Rojas, la convivencia entre Cuba y USA además de necesaria es inevitable porque ese estado de amor y odio entre los dos países, a mi modo de ver, no es cuestión de los pueblos y más bien de en primer lugar de ese espina clavada en el corazón de muchos españoles al considerar que nuestra independencia no fue producto de nuestra tres guerras libradas contra España ,sino la intervención armada de USA, que se fue acrecentando en muchos descendiente de emigrantes españoles, lo que se puede corroborar, o mejor dicho intuir, en que la dirección de la que se ha llamado revolución cubana que son descendiente directos de emigrantes españoles. La otra cuestión sin duda fue la enmienda Plat.  Decía que esa convivencia era inevitable porque esas dos naciones a través de la historia se han hecho más dependientes, además de la necesidad del comercio y las relaciones económicas, por la cantidad de cubanos y descendientes de cubanos que se han incorporado por naturalización o por nacimiento a la nación americana. Pienso también que en esa relaciones hay una cuestión que puede favorecer o desfavorecer mucho, que es la incorporación de la cuestión cubana a la política domestica americana a través de los políticos cubanoamericanos, que hace que el congreso americano legisle directamente sobre los problemas de Cuba, lo que exacerba el platismo y el antiplatismo que sin duda crea duda y desconfianza en muchos cubanos y fundamentalmente en la masa pensante de la nación cubana, algunos se preguntan ¿será que en nuestra futura democracia muchas cuestiones interna de nuestra política se discutirán y decidirán en el Congreso Americano por ya un habito de la cuestiones cubanas sean abordadas por los políticos americano? Rojas ustedes los intelectuales y pensadores cubanos deberían de pensar más en estas cuestiones y proponer soluciones a algo que es un meollo en la búsqueda de la democracia y en la futura gobernabilidad de Cuba, COMENTRIO de Esopo.

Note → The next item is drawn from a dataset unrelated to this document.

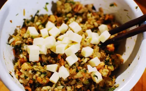 4. ボウルにご飯をいれ、3を入れてしゃもじで切るように混ぜ合わせる。さらにチーズを入れて全体にいきわたるように混ぜる。

Imagen de EL CONTESTATARIO

La historia no se puede negar, aunque algunos autores a veces tratan de embarajarla, y este es un caso de eso. Desde la independencia de EE.UU hasta el triunfo revolucionario, EE.UU oficialmente ha expresado en 7 ocasiones su interes de anexarse Cuba, que ahora en 25 años no haya existido esa posibilidad, hace que un fideo no haga la sopa. Ya nuestro genio pensador de todos los tiempos Jose Marti lo habia dicho, que la fuerza naciente del nuevo imperio se volcaria implacablemente sobre Cuba y America Latina, y asi fue, la historia no se puede negar, ni se puede negar el DESTINO MANIFESTO.

Imagen de Anónimo

Hay que leer ese libro porque la verdad es que todo lo que uno escucha sobre el tema en los medios oficiales cubanos se reduce a la maldad del imperio y a la bondad de la Revolución.

Imagen de Juan Rodriguez

Me asquea tanto el nacionalismo como el anexionismo que ha vivido mi pueblo desde que dejamos de ser colonia de la corona española. Ambas corrientes para lo unico que han servido es para que algunos oportunistas que no debieron haber nacido en mi pais hayan conseguido fundar sangrientas dictaduras con el unico objetivo de controlar todos los poderes politicos y/o economicos de mi pais por decadas convirtienonos cada dia en mas haitianos o africanos que viven hoy en dia por desgracia en la eterna miseria extrema por culpa de las dictaduras que existieron en sus paises.